HR’s focus in healthcare

My whole approach to HR in the healthcare industry is that financial sustainability is critical, that productivity management skills are essential to achieving this, and that HR should own those skills and drive those processes.

While outside firms are slicing off many of the HR functions (and often doing them better), HR can add real value by focusing on strategies and techniques that maximize the bottom line. This should be a natural fit in a labor intensive industry. If being profit minded scares you, think of it as a means to increase the flexibility and options for the organization.

I have written numerous posts on this and most can be found under the “productivity category”, However, I want to write a series of posts on financial sustainability of healthcare systems and use a 2012 report by the World Economic Form in conjunction with McKinsey and Company that was titled, “The Financial Sustainability of Health Systems A Case for Change”.

Yes, the report is now eight years old. However, it was forecasting industry trends through 2040. Now that we are one-third through that period, it is interesting to review some of their projections and see if they are holding true.

The report obviously was looking at healthcare through a macro lens–healthcare industry on a national and international level. They compared the challenges faced by developed countries as well as those less developed. Their observations and proposed remedies are fascinating as they seem to apply on the local or “micro” level as well.

After analysis of the existing conditions, they identified productivity growth in the healthcare sector as critical. ( I feel vindicated!) The labeled it as the most important way for health systems to create value. The report stated that over the past 40 years, productivity gains were the principle driver of GDP growth in many European countries and the US.
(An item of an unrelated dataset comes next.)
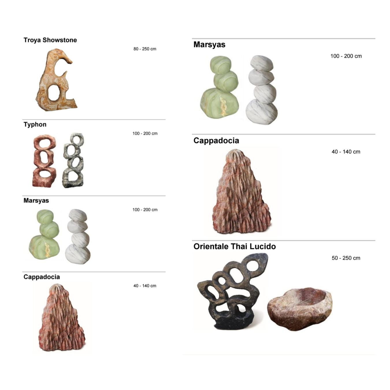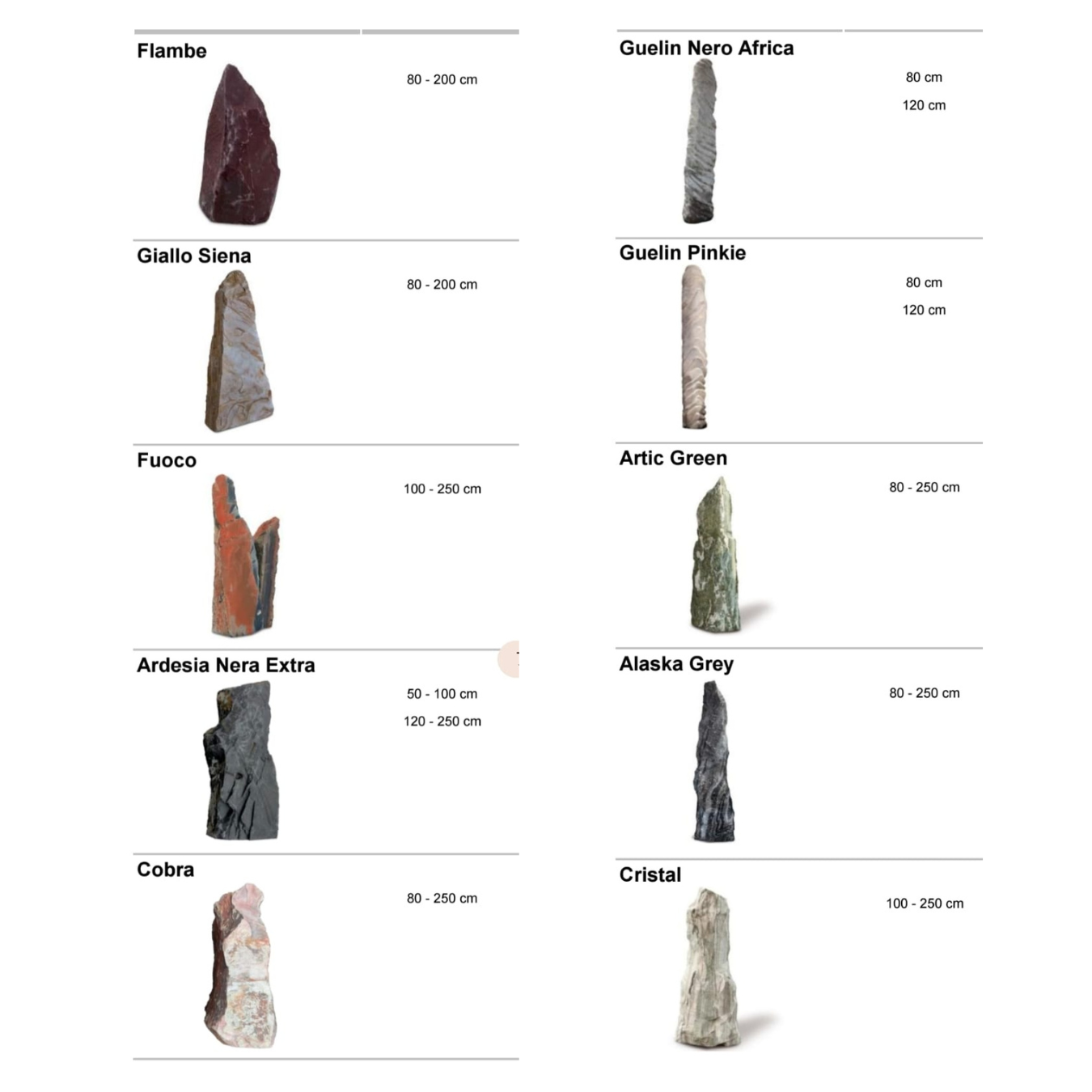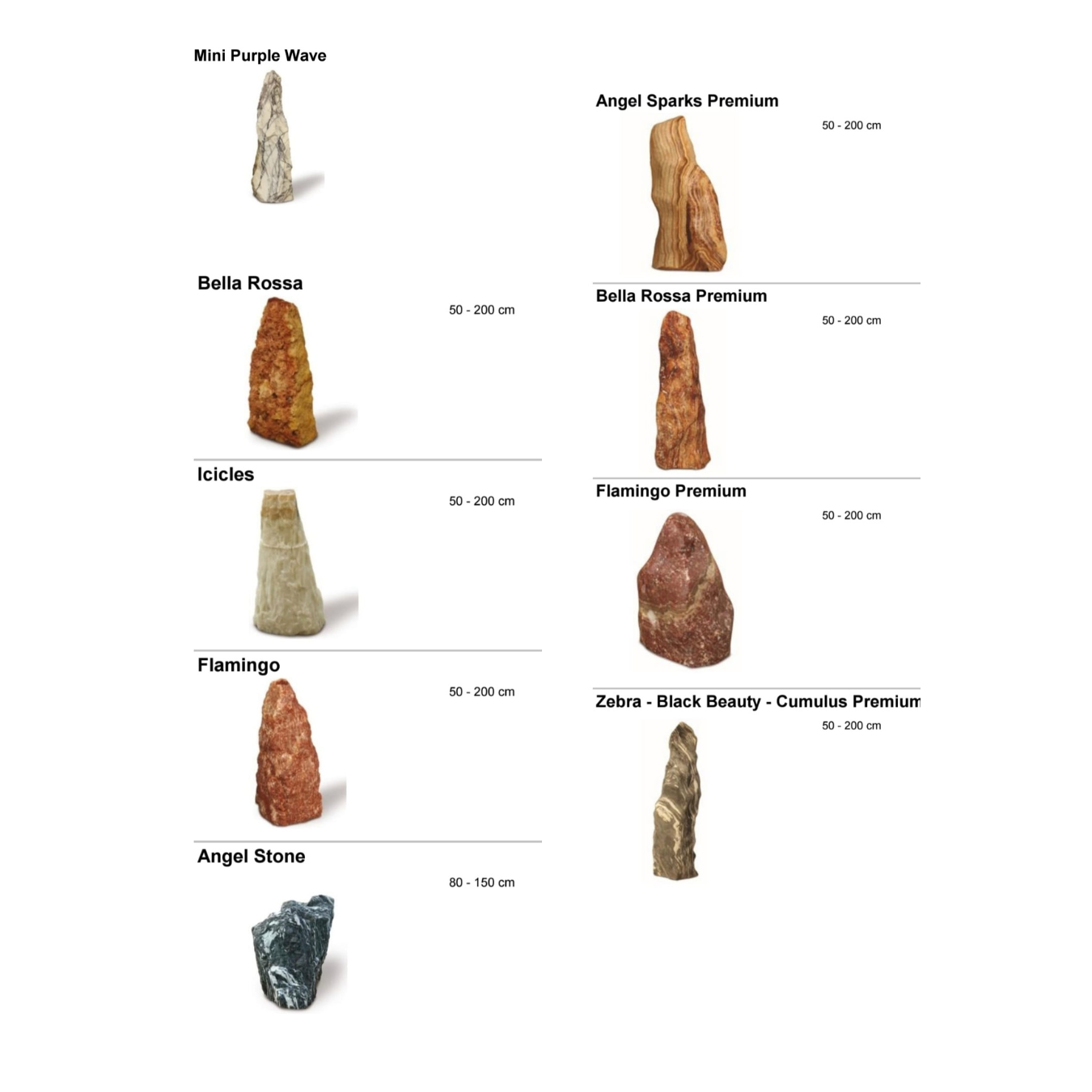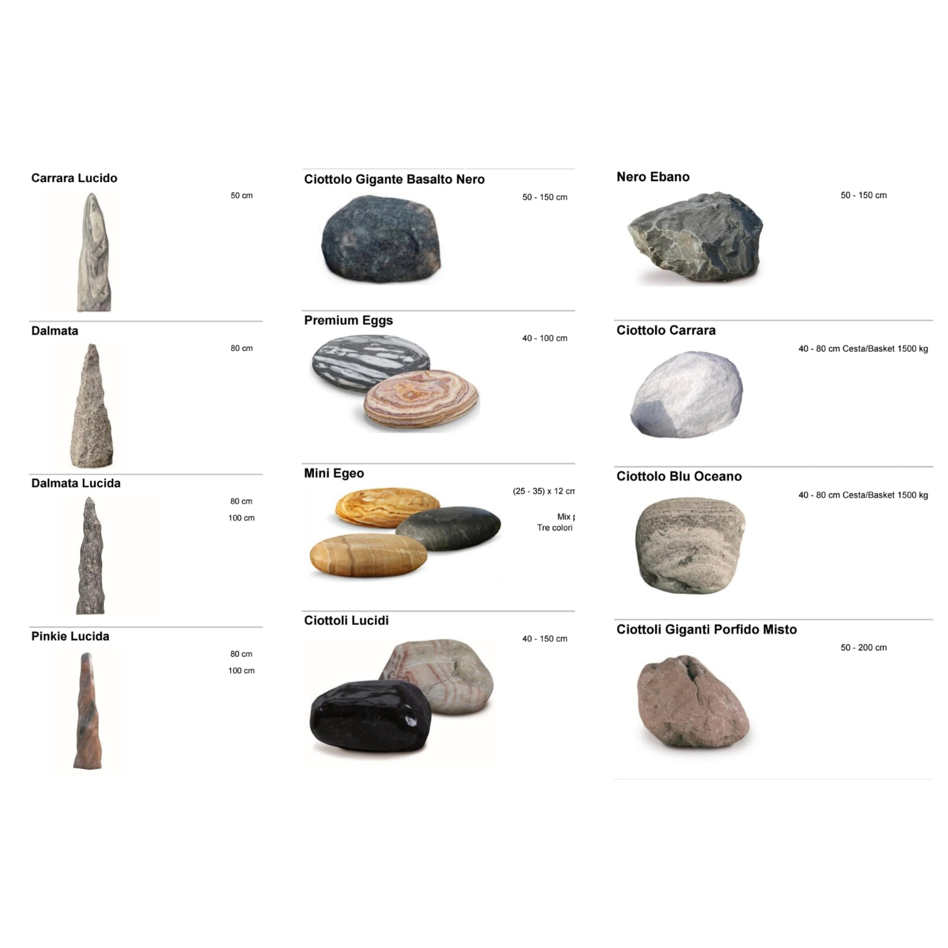 Sve vrste kamenja mogu se međusobno kombinovati, prilagoditi željenoj granulaciji i uskladiti sa bojom veziva, kao i sa namenom prostora.

3 challenges for improving productivity

While productivity gains were critical, the report identifed 3 principle reasons that would make it difficult to achieve in the health sector:

  1. Health systems are “sticky”. This is because public resistance blocks radical change; the result is that inefficient providers persist. Furthermore, modern management practices (e.g., robust performance management or service line reporting) are too often resisted by powerful vested interests.
  2. Health systems cannot outsource to low-cost settings.
  3. Health systems cannot easily replace labor by capital. Healthcare is an intrinsically labor-intensive sector.

Are these still true? Absolutely. It is imperative that HR be the change agent to lead radical change. After all, our toolbox should include the skills to minimize resistance. We control the recruitment processes, salaries/incentives, employee relations tools, training functions. We should be able to bring these to bear on achieving productivity gains.

Can’t outsource to low-cost settings? There is a better idea–become the low-cost setting! In a labor-intensive industry, productivity gains lead the way to financial sustainability. I didn’t say that, the World Economic Forum did.

While healthcare will remain labor-intensive for the foreseeable future, it then becomes imperative to improve internal processes and reduce labor costs if they cannot be replaced.

Who else?

Many HR professionals are reluctant to embrace leading the productivity improvement effort. However, in my organizations, I wanted HR to “own” the utilization and management of the human resources. HR should be the experts in this. It constantly surprises me that HR is willing to give this aspect of the “people function” to someone else.

Let me end with a question, if you don’t think HR should be managing this function, then who in your organization should be?